The custom software industry has a wide quality spread. Some shops ship reliable software on time and on budget. Others quote 3 months and deliver in 12 (if at all). The 5 questions below are designed to surface the difference in a 30-minute call, before you've signed anything.
1. What's in your "out of scope" list?
A vendor who can write a clear out-of-scope list has done discovery seriously. A vendor who says "we'll handle whatever you need" hasn't — and you'll pay for it in scope creep, missed deadlines, and surprise invoices.
What good answers look like:
- "Out of scope for v1: payment processing for refunds, multi-language support, custom reporting beyond the 6 we agreed on, integration with [system you didn't mention]."
- Specific items, named systems, clear distinction between "v1 includes" and "future phase."
What bad answers look like:
- "We'll discuss that during development."
- "Whatever you need."
- Vague references to "additional scope" without specifics.
2. Show me a recent project similar to mine
Not testimonials. Not generic portfolio screenshots. A specific, recent, similar project.
What good answers look like:
- Walks you through a real client project. Shows the live software (or close-to-live). Discusses tradeoffs they made. Mentions specific challenges and how they handled them.
- Says "we built X for Y client in Q3 — here's what we learned that applies to your project."
What bad answers look like:
- "We've done dozens like that."
- Generic case study with no specific names or numbers.
- "We can't share specifics for confidentiality reasons" — every project? Really?
3. What's your weekly demo cadence?
The right answer is: every Friday (or some consistent day). The wrong answer is "we'll demo at milestones."
Weekly demos = misalignments caught at week 2 instead of week 12. Milestone demos = you discover at the milestone that things drifted three months ago.
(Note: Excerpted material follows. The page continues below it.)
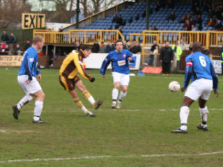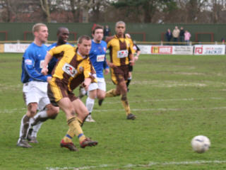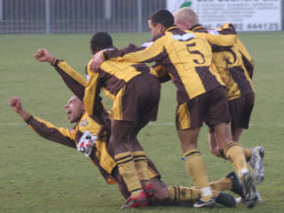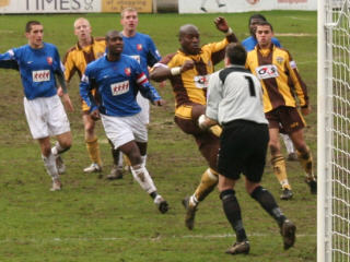 U’s v Eastleigh (20/02/07) Final score: 2-2 The U's will be disappointed that they didn't do better against a team that is below them in the league. After initially going behind the yellows battled hard to get back into the game. Two quickfire goal mouth scrambles, finished by McBean and Gray, gave Sutton the lead but once again from then on the U's seemed to sit back too much. Eastleigh drew level in the 52nd minute after Lewis Gonsalves conceded a free-kick just outside the area. The resulting shot was drifted over the wall and in off the post. Neither 'keeper was then really called into action for the remainder of the game. The game was also blighted by some incredibly inconsistent and occasionally baffling refereeing. Team: G Hogan, A Bray, L Gonsalves, R Palmer, T Quinton, P Honey, M Gray (C Tanner), R Gaynor, R Harris, W McBean, B Alimi. Subs (not used): L Naughton, R Blackwell, J Henry, P Fear Goals: McBean (18), Gray (22) Eastleigh: J Pullen, T Mustafa, I Oliver, J Brown, C Collins, K El-Salahi, D Smith, A Forbes, S Watts (C Wilson-Denis), D Hughes, D Wheeler (L George) Subs (not used): S West, R Marshall, W Shaw Goals: Forbes (11), Watts (52) U’s v Hayes (24/02/07) Final score: 1-0 On a heavy pitch Sutton claimed all three points with a Tony Quinton goal in the 20th minute. Up to that point the U's had peppered the Hayes goal with both Ross Gaynor and Matt Gray hitting the framework. Hayes then began to work their way back into the game, but just couldn't create any chances in front of goal. The second half was fairly equal in possession but again Hayes failed to trouble Phil Wilson. At the other end though Kevin Davies was called into action on more than one occasion, making excellent saves from Jason Henry and Gaynor in particular. Team: P Wilson, C Tanner, L Gonsalves, R Palmer, T Quinton, P Honey, M Gray, R Gaynor, R Harris (J Henry), W McBean, B Alimi (A Bray). Subs (not used): L Naughton, E Akuamoah, P Fear Goals: Quinton (20) Hayes: K Davies, J Dyer, G Nauko, M E’Bayer, A Logie, O Jeffrey, D Dyer, R Ashe, M Bartley (K Knight), S Palmer, L Feeney. Subs (not used): J Haverson, A Wembakungu, K Karamoko Goals: -

What good answers look like:
- "30-minute demo every Friday at 4pm. You see the actual software running, you give feedback in the same call, adjustments happen the next week."
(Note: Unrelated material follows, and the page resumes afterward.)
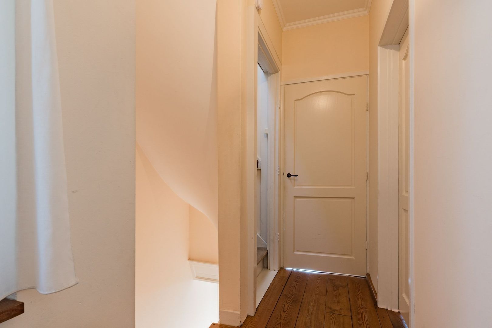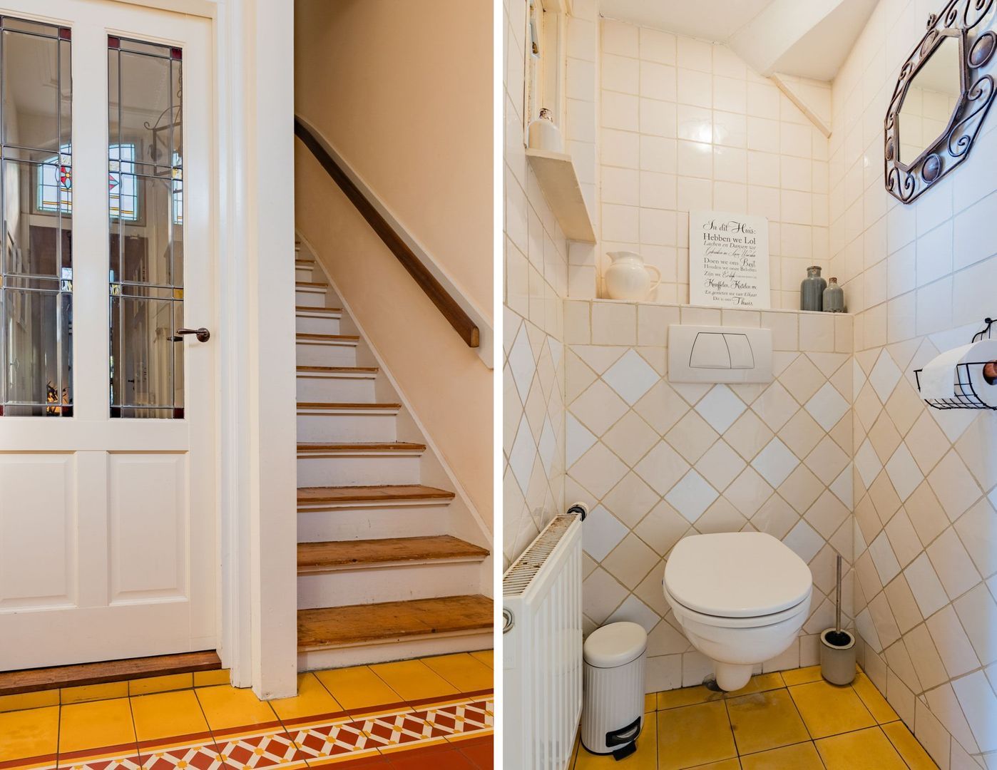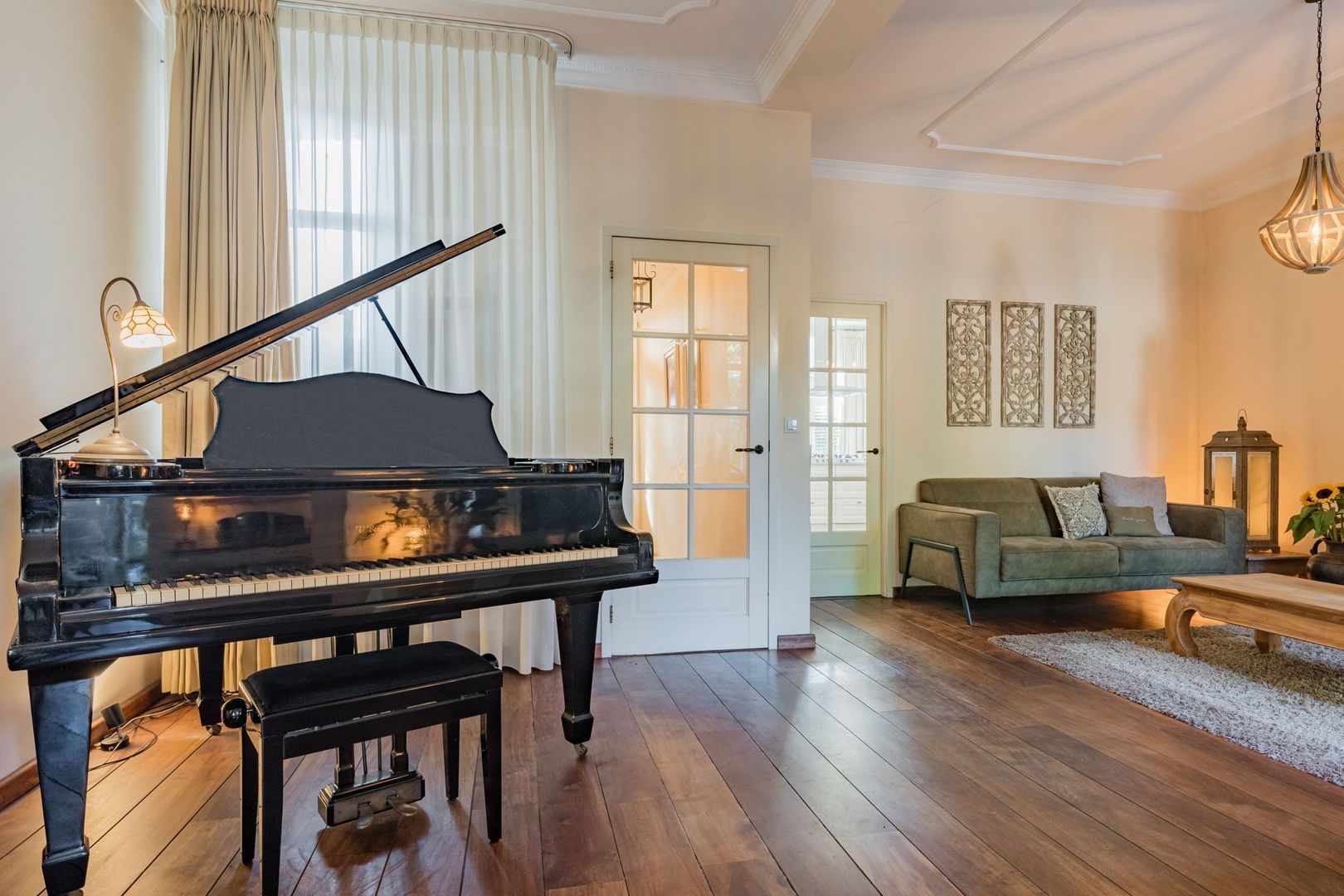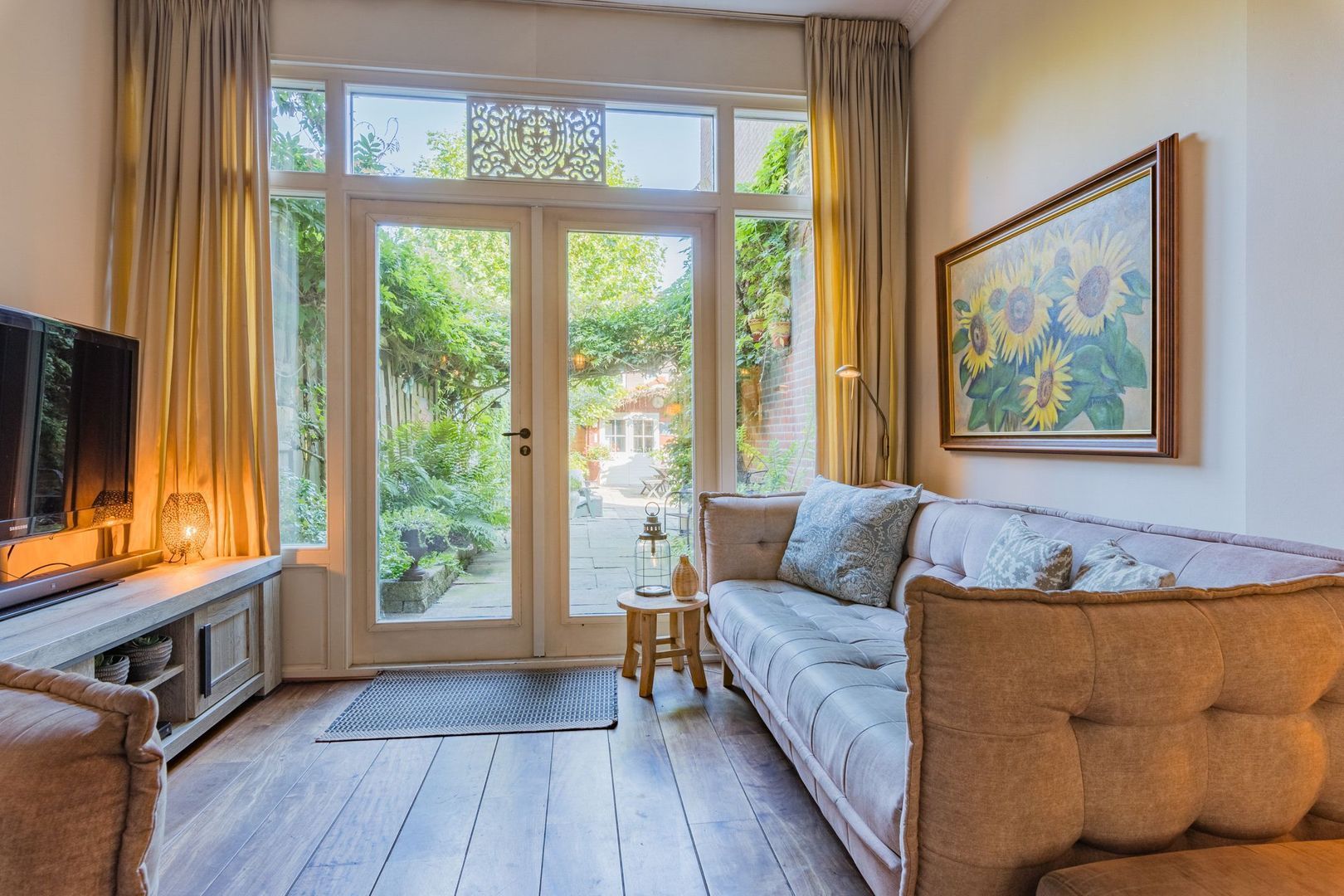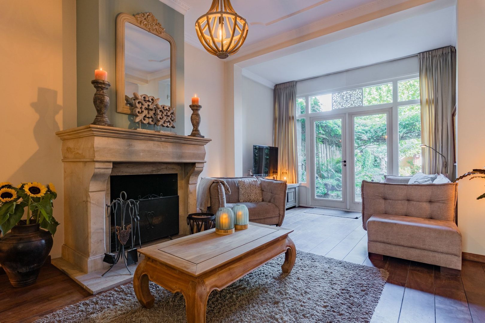 Entree, ruime hal met betegelde vloer, glas in lood en ornamenten plafond, meterkast, verdiepte trapkast, verzorgd toilet, mooie klassieke binnendeuren. Woonkamer van totaal 54 m2 met leuke speelse indeling met kamer-en-suite deuren met glas en lood, mooie massieve hardhouten vloerdelen vloer, kalkzandstenen schouw met openhaard, gestuct ruim 3m hoog plafond met fraaie ornamenten, aansluitend grote woonkeuken van 21 m2 voorzien van plavuizen met ruim opgezette keuken in U-vorm met kookschiereiland, 6 pits gaskookplaat, hardstenen aanrechtblad, rvs afzuigkap, vaatwasser, combi magnetron, apothekerskast en grote koelkast en rondom veel opbergruimte. Aan de voorzijde zijn de kozijnen voorzien van op maat gemaakte shutters. De gehele begane grond in voorzien van een constructieve betonnen (onder)vloer. Aan de zijkant van de woning bevind zich d.m.v. een sierhekwerk afgesloten gezamenlijk buitengebied met eigen overkapping welke als opstelplaats van fietsen gebruikt kan worden.

- "Working software is the unit of progress, not documentation or slide decks."
What bad answers look like:
- "We'll demo at milestones."
- "We send you weekly status reports."
- "The full demo is at launch."
4. Will I get the source code, and what does ownership actually look like?
The right answer is: yes, you get a private repository with full history, admin rights transferred to you, and a license that says you own the source code and can modify, deploy, sublicense, and distribute without restriction.
Watch for these caveats:
- "Yes you own it, but we keep the framework/foundation/library that runs it"
- "Yes but it needs our cloud platform"
- "Code is in escrow" (read the trigger conditions carefully — they usually don't fire when you need them to)
If any of these come up, ownership is partial at best. See our deep dive on Source Code Ownership for more.
5. What's your exit story if we want to take this in-house?
This is the question that separates shops that depend on lock-in from shops that don't.
What good answers look like:
- "Quick. We hand over the code, deployment scripts, credentials for third-party services. We document the architecture. We're available for 90 days of technical questions. After that you're on your own with documentation that lets you maintain or extend it."
- Specific transition plan, specific timeline.
What bad answers look like:
- "Why would you want to do that?"
- "We'd work with you on that" (without specifics)
- "That would require additional contract work."
A bonus question if you have time
Ask: "Tell me about a project that went badly. What happened and what did you learn?"
Every dev shop has had projects go badly. Vendors who can speak openly about a failed project (and what they learned) have institutional learning. Vendors who claim every project went smoothly are either lying or new.